Remember psychoneuroimmunology? Anxiety and stress activates the sympathetic phase of our nervous system which is our fight or flight response. Muscles tighten, blood and oxygen rush to our muscles, our breath quickens and is shallow (breathing from the chest and not the diaphragm), and systems that are not needed such as the reproductive system, and the digestive system shut down and are put on pause. Chronic anxiety and stress can lead our bodies to remain in the fight or flight phase. So breathing shallow and quickly, and having tight muscles, and joints become the norm. And our systems are constantly on pause (which is why stress can contribute to poor digestion, GI issues and infertility issues). The good news is that we can affect the nervous system in a positive way by changing how we breathe. Abdominal or diaphragmatic breath stimulates the parasympathetic phase of our nervous system which is the relaxation phase. In the relaxation phase, our muscles are relaxed, breathing is slow and deep in our lungs and diaphragm, joints are lubricated, and systems in the body are being repaired as we relax and sleep. So with anxiety issues, we began with breath. And more specifically with the yogic breathing technique called Ujjayi breath.

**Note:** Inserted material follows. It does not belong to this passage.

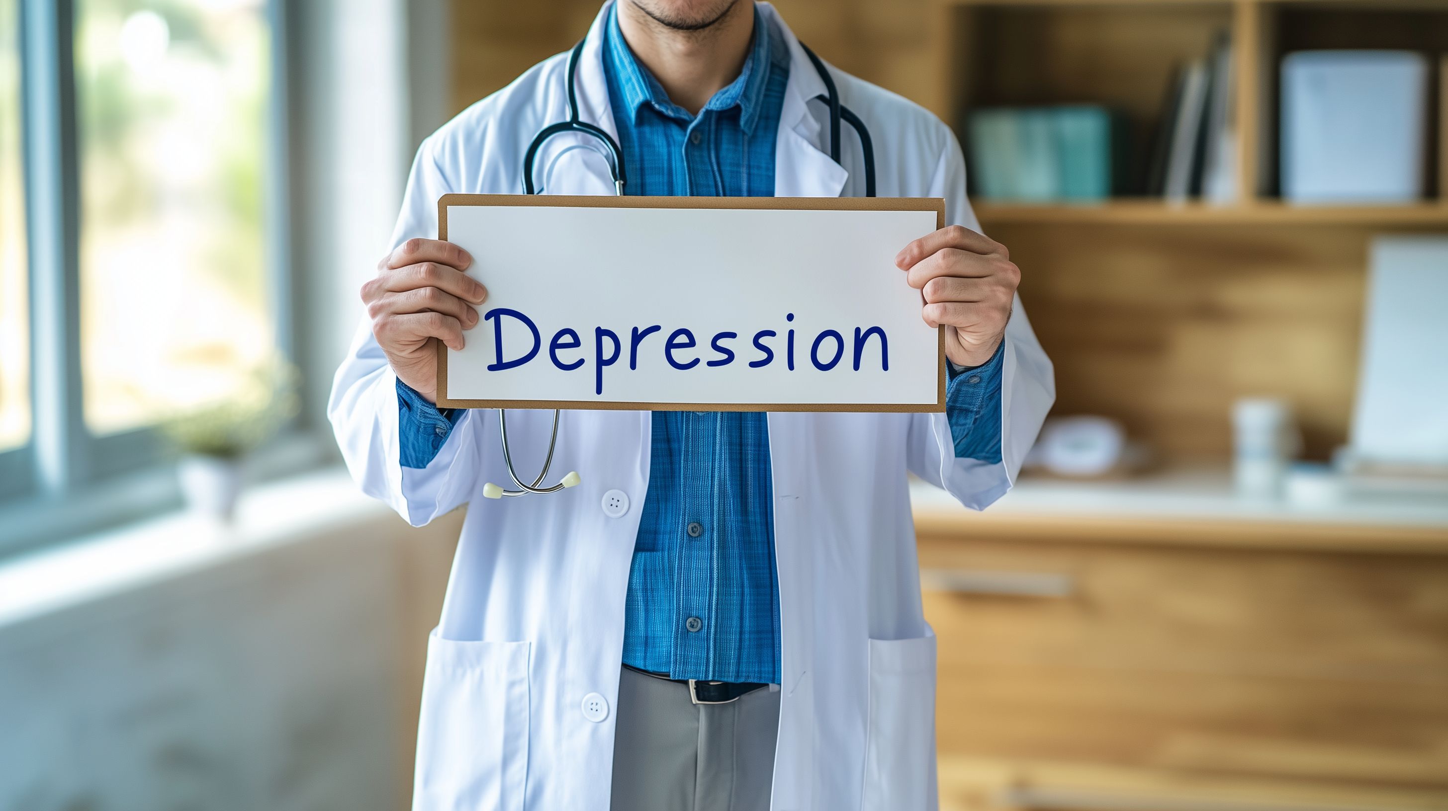 Das Bild zeigt einen Arzt in weißem Kittel, der ein Schild mit der Aufschrift 'Depression' in der Hand hält. Der Arzt steht in einer Praxisumgebung mit Bücherregalen im Hintergrund, was auf ein medizinisches Umfeld hindeutet. Das Bild vermittelt das Konzept der Behandlung und Unterstützung von Menschen mit Depressionen durch medizinisches Fachpersonal. Es eignet sich gut für den Einsatz in Beiträgen und Artikeln zum Thema psychische Gesundheit, Therapiemöglichkeiten oder Öffentlichkeitsarbeit im Gesundheitsbereich. Als kostenloses Stockfoto in hoher Auflösung und unter einer Creative-Commons-Lizenz verfügbar, kann es vielseitig in Publikationen, auf Websites oder in sozialen Medien verwendet werden.

After practicing the breath, we then stretch the body from head to toe. The tension and stiffness in the muscles and joints need to be released first before going into actual yogic poses. Stretches for the neck, shoulders, arms, chest, abdomen, upper/mid/low backs, hips, gluts, hamstrings, quadriceps, calves, shin, ankles and feet, are learned and practiced. So first is learning and practicing the Ujjayi breath, then deep muscle and joint stretches, and then we go into yoga poses.

Learning and practicing the breath and stretches took anywhere from 2-3 months for most of my patients. Our bodies take time to stretch out, especially if the stiffness and tension is severe. One of my patients took almost a year of yoga therapy before yoga poses could be practiced.

It is important to respect the body with where it’s at. If it’s not ready to practice full yoga poses, then we take a step back and start with where the body is able to start at, which is breath and stretching. So when it comes to yoga for anxiety, it depends greatly on the severity of the anxiety and the effects it has on the body (more specifically the muscles, joints, and the nervous system). Individuals with mild anxiety and intermittent stress can most likely go straight into learning and practicing yoga. But chronic anxiety and chronic stress is a different issue. Just to be safe, always start with Ujjayi breath and stretches. Once the body feels loose and flexible and the breath is slow and deep, then go into the yoga poses or asanas for anxiety.